How to prove that,
for any $w$ $\in$ $W$ (Weyl group), $ \delta - w \delta $ is in positive part (non negative part) of the root lattice $\mathbb{Z}[\Delta]$ ? where
$\Delta$ is a simple system in the root system $\Phi$
$\delta$ is the half sum of all positive roots (Weyl vector).
Thanks in Advance.
On
The statement is actually true for any vector $v$ in the identity chamber $C$. If you take a reduced expression $w=s_{i_1}\dots s_{i_r}$ and consider $C$, $s_{i_1}C$, $s_{i_1}s_{i_2}C$, $\dots$, at each step, you move to a chamber that is across one more hyperplane from the identity chamber. This moves each point in the chamber by some negative multiple of the positive root perpendicular to that hyperplane. So $v-wv$ will be the sum of a bunch of positive multiples of positive roots.

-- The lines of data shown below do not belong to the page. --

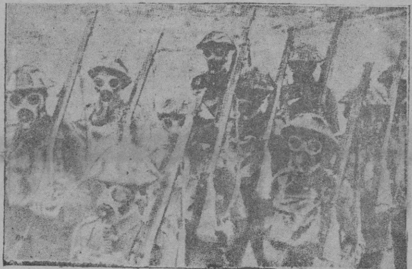
Aspecto de un destacamento inglés con el nuevo casco forrado en tela, y con la careta antigás

— "Estoy muy satisfecho de la marcha y los resultados de las negociaciones entre Alemania y la Unión Soviética que tuvieron como consecuencia el aclarar la situación territorial de Polonia y con ello la Europa Oriental. Estoy convencido del restablecimiento del orden y tranquilidad en estos territorios, de modo que constituirá una ventaja en be-
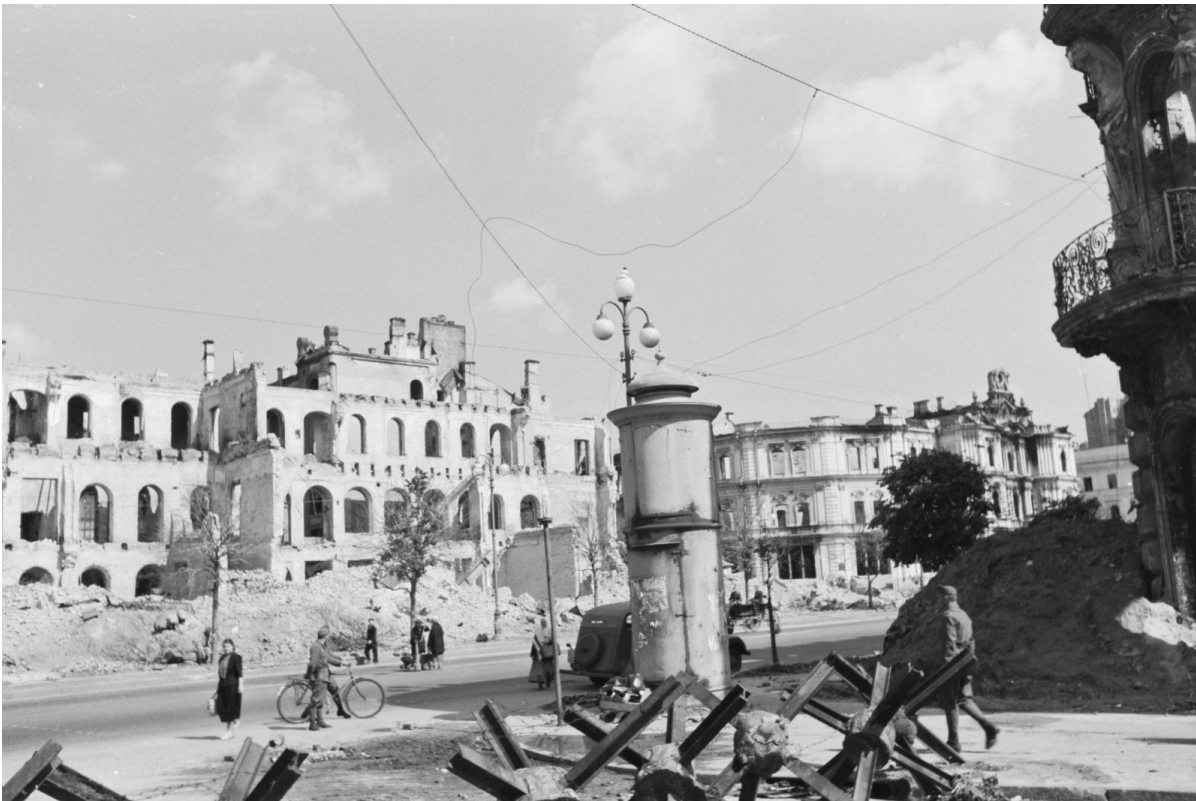
Руины Крещатика, 1942

Но все это затмила дискуссия о не/участии куреня в событиях Бабьего Яра, поскольку это место, действительно, стало символом Холокоста «от пуль» не только в Украине, но и во всем мире.
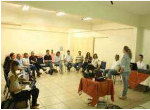
Foto 259 - Abertura dos trabalhos

No âmbito do Projeto Agenda Ambiental, no dia 11 de agosto de 2011, o Observatório Ambiental Jirau participou da 5ª. Reunião do Grupo de Trabalho de Cultura, Lazer e Turismo, realizada no auditório do Hotel Aquarius em Porto Velho.
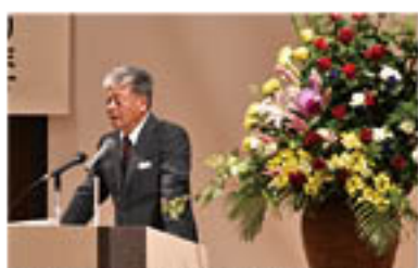
JAへの意思結集を求める神農組合長

総代会の冒頭で、神農組合長があいさつ。「組合員のみなさんにご協力いただき、県下でも誇れる事業成果をお示しすることができた」と感謝を述べたうえで、30年度は中期三カ年計画の最終年度として、また、新たな計画の樹立に向けて、改めて計画の達成に向けた精進な運営を約束。さらに、合併や統廃合はせず、組合員・地域の負託に応えていくことを表明し、「農業・農家を守り、組合員のための組織であり続けるための正しい運営に向けて、みなさまと一緒に頑張って成果を勝ち取ってまいりたい」と、協力を求めました。
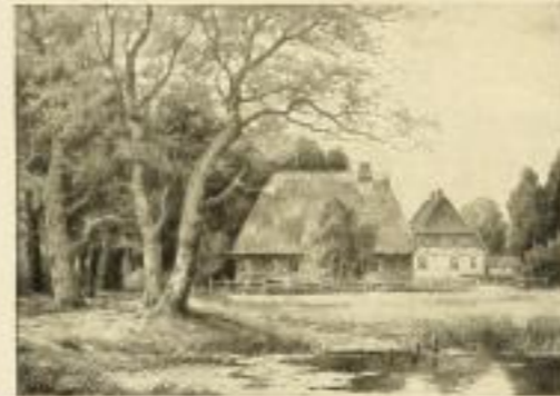
Nr. 2543. L. Strömer, Am Waldesrand. Bildgröße 30x42, Papiergröße 38x48.
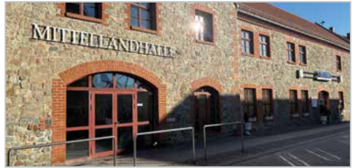
Der Gastrobereich, in dem sich ein griechisches Restaurant befindet, gehört zum Komplex Mittellandhalle.
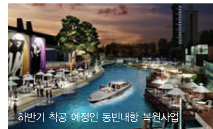
하반기 착공 예정인 동빈내항 복원사업
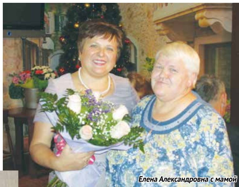
Елена Александровна с мамой
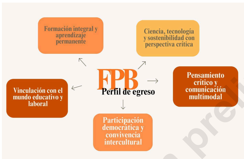
Imagen Nº 1: Perfil de egreso de la propuesta de Formación Básica Profesional
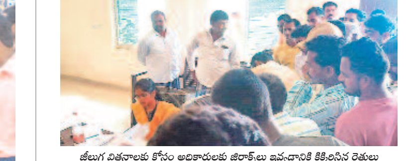
జీలుగ విత్తనాలకు కోసం అధికారులకు జిరాఫీలు ఇవ్వడానికి కిక్కిరించిన రైతులు

మల్లాపూర్ మండలం ముత్యంపేటలో వేకువజామున నుంచే నిరీక్షణ
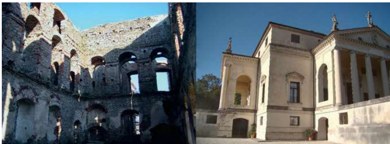
Ryc. 1 Obiekt o strukturze otwartej (Krzyżtopór) oraz obiekt o strukturze zamkniętej (Villa Rotonda, Vicenza)

Zabytki architektury można ogólnie podzielić na dwa typy pod względem struktury architektonicznej. Stronę funkcjonalną można uznać tu za drugorzędną, albowiem często zmieniała się ona w czasie długiego życia obiektu.
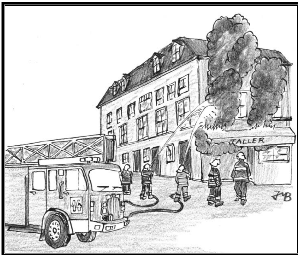
El incendio se produjo por un cortocircuito...
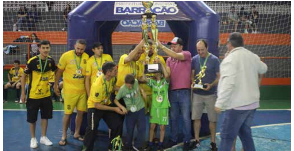
Veterano: Nacional Simoneto
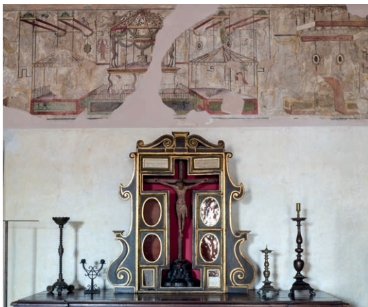
Fig.5, Casa della beata Osanna Andreasi, Mantova , reliquiario e fregio cinquecentesco a grottesche
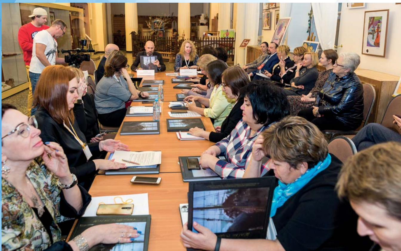
Итоговое заседание Секции арктических музеев Союза музеев России, Российский этнографический музей, Санкт-Петербург, 9 ноября 2022 г.
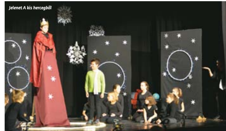
Jelenet A kis hercegből
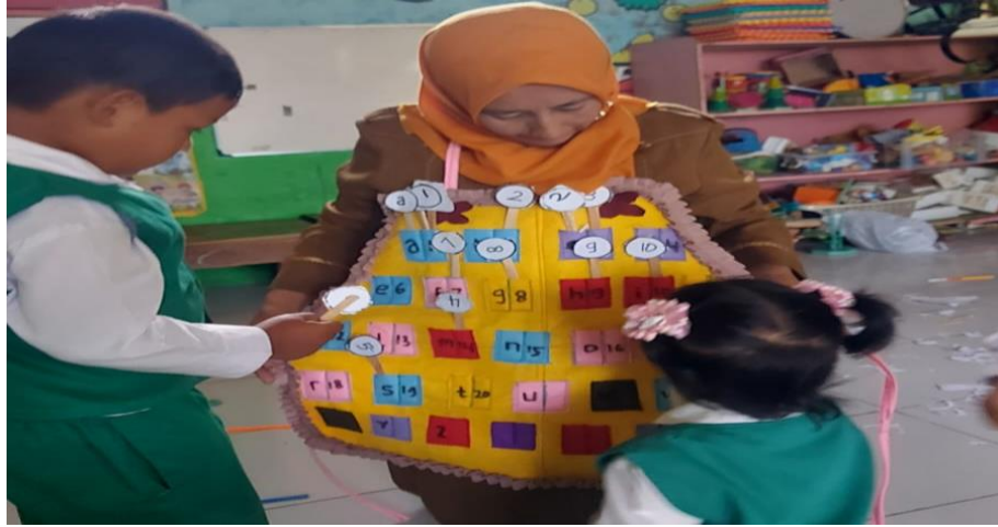
Gambar2 Foto stik angka dan huruf
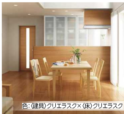
色:〈建具〉クリエラスク×〈床〉クリエラスク

家の中は大きなひとつの空間。ひとつの空間だからこそ部屋の雰囲気は統一させたいものですね。リビング建材「ウッディーライン クリエカラー」は木の本来持つ自然な風合いや色味を表現した新しい5色のカラー建材です。クリエホワイト、クリエパール、クリエラスク、クリエモカ、クリエダークのそれぞれにカラーキーワードがあり、お部屋のイメージを実現させやすくなっています。
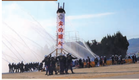
別ショットの写真

加記念品の配布が行われ、各団体の活動をより身近に感じていただくことができました。
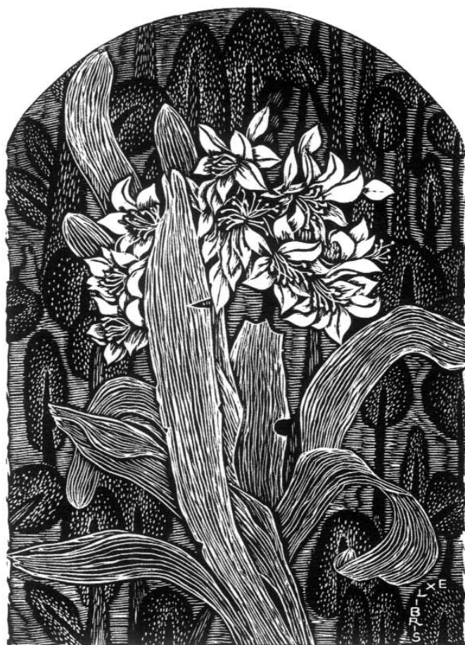
kínai grafikus munkája, 137×100

és talán 80 körül lehetett a külföldiek száma. Pontos számot még a búcsúvacsora során sem sikerült megtudni.
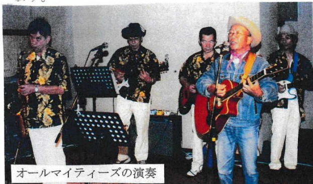
オールマイティーズの演奏

それでも、大勢の観客が集まり、いろいろな国の歌や踊りを楽しんで戴けたのではないかと思っています。
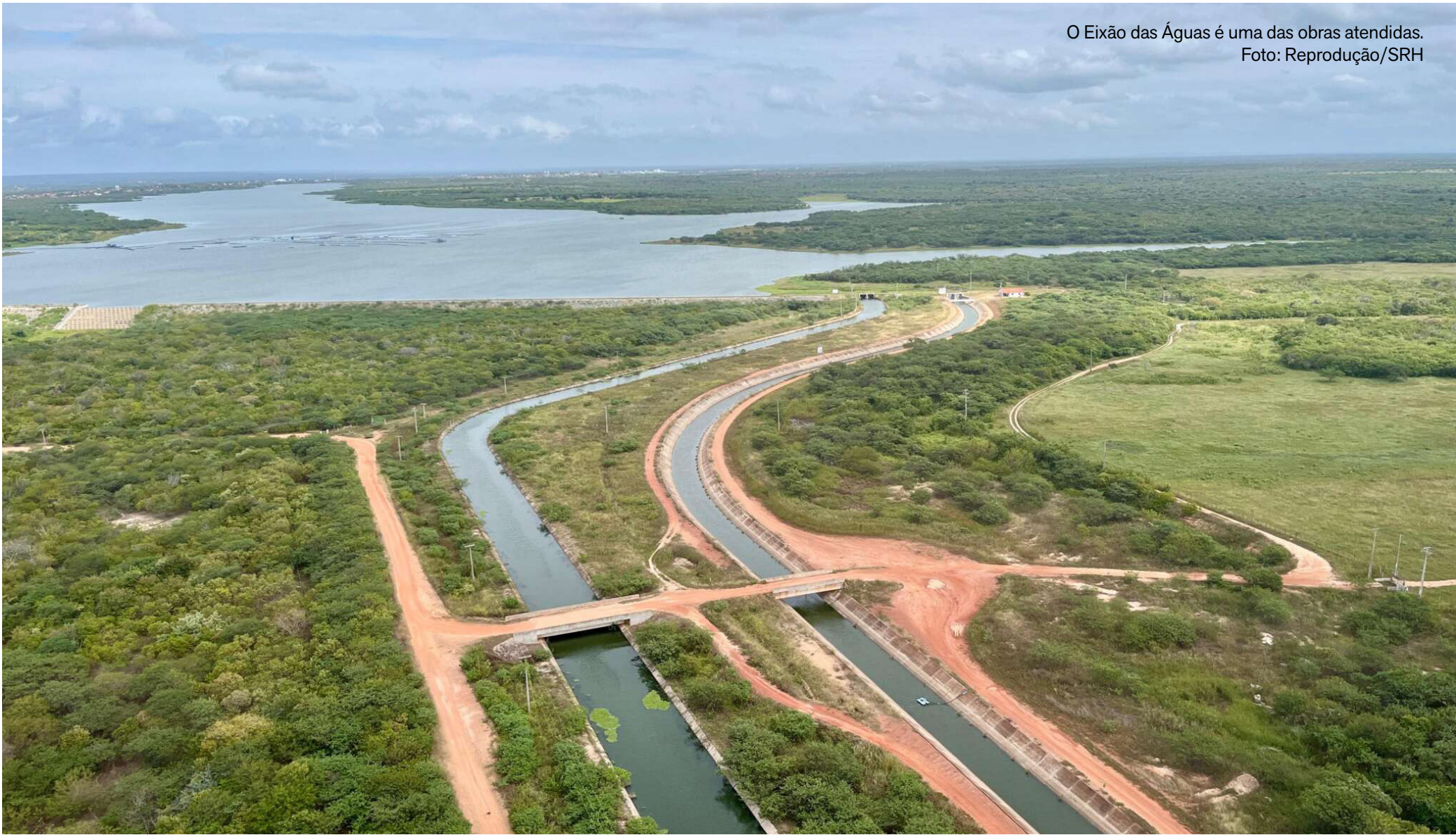
O Eixão das Águas é uma das obras atendidas.

Fiec entrega Selo ESG-Fiec a quatro empresas cearenses ECONOMIA, P. 10
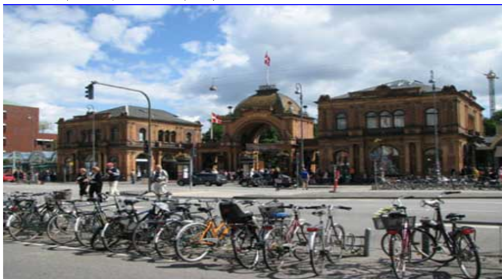
图 2：丹麦街道上的自行车。所有丹麦人都买得起汽车，但他们宁愿选择自行车，因为它简单、经济、环保、有利身体健康。

“既然银行家和艺术家都能过上体面的生活，人们便不会因为收入和社会地位有别来选择职业”。
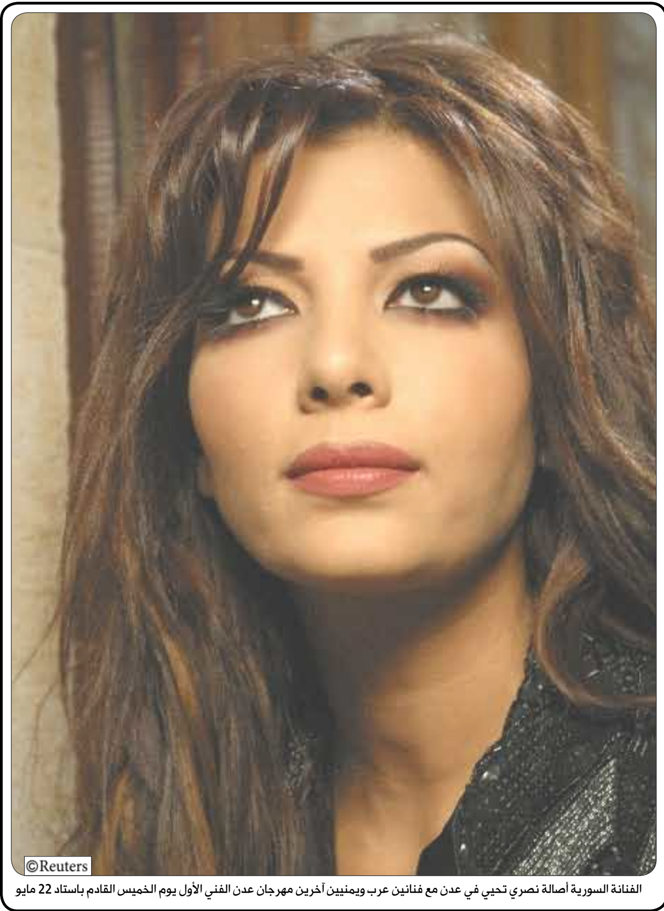
الفنانة السورية أصالة نصري تحيي في عدن مع فنائين عرب ويمينيين آخرين مهرجان عدن الفني الأول يوم الخميس القادم باستاد 22 مايو
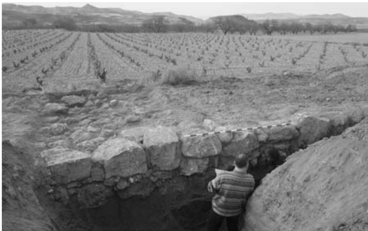
Fig. 3. Muralla de Segeda I con el Poyo al fondo.

debajo de la elevación del Poyo. Los materiales arqueológicos descubiertos no contradicen la cronología dada al abandono de esta ciudad en el 153 a. C. (BURILLO, 2001-2002b; CALVO, 2001-2002, y CANO et alii , 2001-2002).
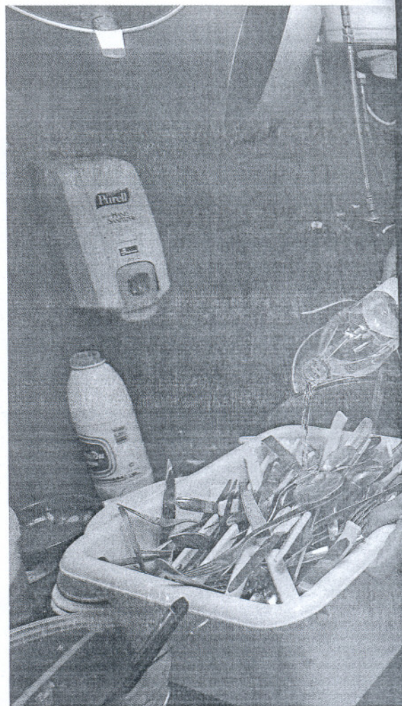
La hostelería seguía ayer sumida en el caos y se valía de botellas para limpiar.

Estas "sospechas" y la cuarta jornada de cortes e "hilos" de agua colmaron la paciencia de dos centenares de vecinos, que ayer marcharon en una caravana de coches hasta Rota y protestaron ante el Palacio Municipal Castillo de Luna, donde un cordón policial les bloqueó el paso a la Casa Consistorial. Desde la calle, niños y mayores lanzaron sus reivindicaciones de agua sumergidos en una mezcla de incredulidad, desubicación e impotencia: forasteros, 10 de agosto, mediodía, un día de sol y brisa y "vetados en la casa del pueblo", según la crítica unánime. Finalmente, una representación
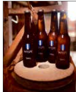
Het Weesper Wispe bier.

Stuur je antwoorden voor 21 mei naar cityquiz@wesopa.nl . Onder de inzenders van de goede antwoorden worden Wispe pakketten en City-vrijkaarten verloot.
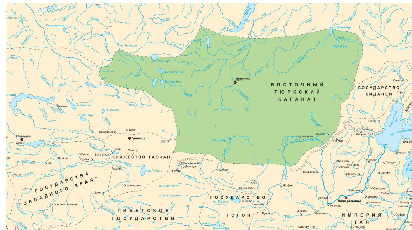
Восточный- тюркский каганат, начало VII века

После смерти трех великих политических деятелей возрожденного Тюркского Каганата (Бильге-каган, Тоньюкук, Кюль-тегин) государство стало катиться к упадку. В 742 году коалиция трех племен карлуков, бысмылов и уйгуров подняла восстание и в 745 году свергла последнего тюркского кагана по имени Баймэй-каган.
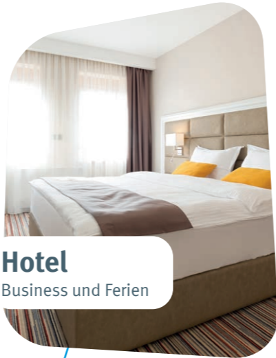
Hotel Business und Ferien
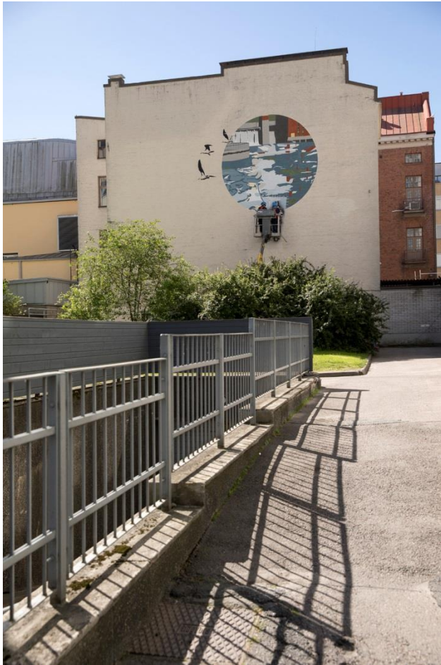
Kuva 7. Tyttöhahmon maalaaminen.

Seuraavaksi Miina Laine maalasi linnut ja tyttöhahmon (kuva 7) spraymaalilla ja minä avustin häntä pitämällä kiinni sapluunoista .
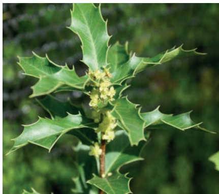
Figura 13. espinheira-santa 12
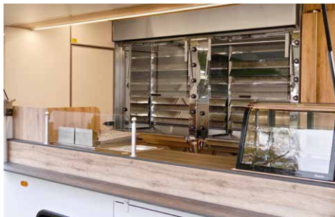
UBERT RT 66 DUO Infrarot-Grillgerät
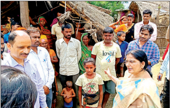
कासिमपुर गांव में महिलाओं व बच्चों से बात करती प्रभारी मंत्री व मौजूद अधिकारी।
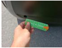
Moulure de pare-chocs AR, Cassé, E - Remplacer
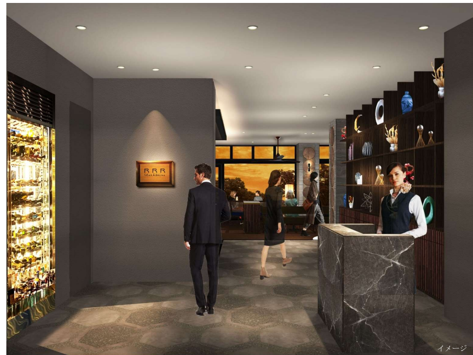
RRR Restaurant（フレンチステーキハウス）エントランス
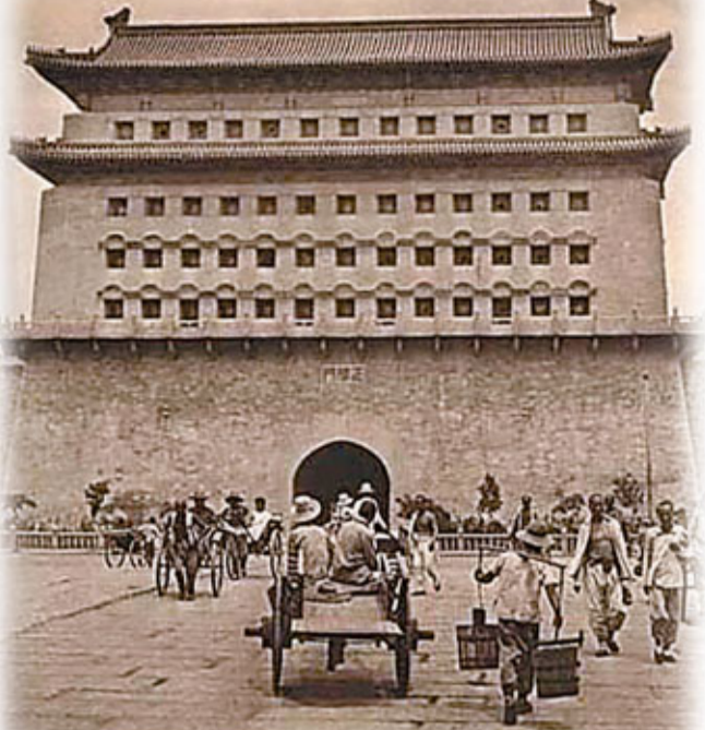
叫賣聲聲聞小巷

(It's easy to see that $\delta$ lies in the identity chamber using the fact that Jim mentioned: since $s_i$ permutes the positive roots except $\alpha_i$ and sends it to its negative, $s_i\delta=\delta-\alpha_i$, so $\langle\delta,\alpha_i\rangle >0$.)
Prove that $$w\delta = \frac12\sum_{r \in \Phi^+}c_rr$$ where $c_r \in \{\pm 1\}$ for all $r$. You'll do this by induction on the length of $w$, so you just need to show that multiplying by a simple root will preserve the set of elements in that form (and you should know that a simple reflection sends one root to it's negative and permutes the remaining positive roots).
One you've done that, the difference $\delta - w\delta$ is just a sum of some subset of the positive roots, because the coefficients are either $\frac12 - \frac12 = 0$ or $\frac12 - (-\frac12) = 1$.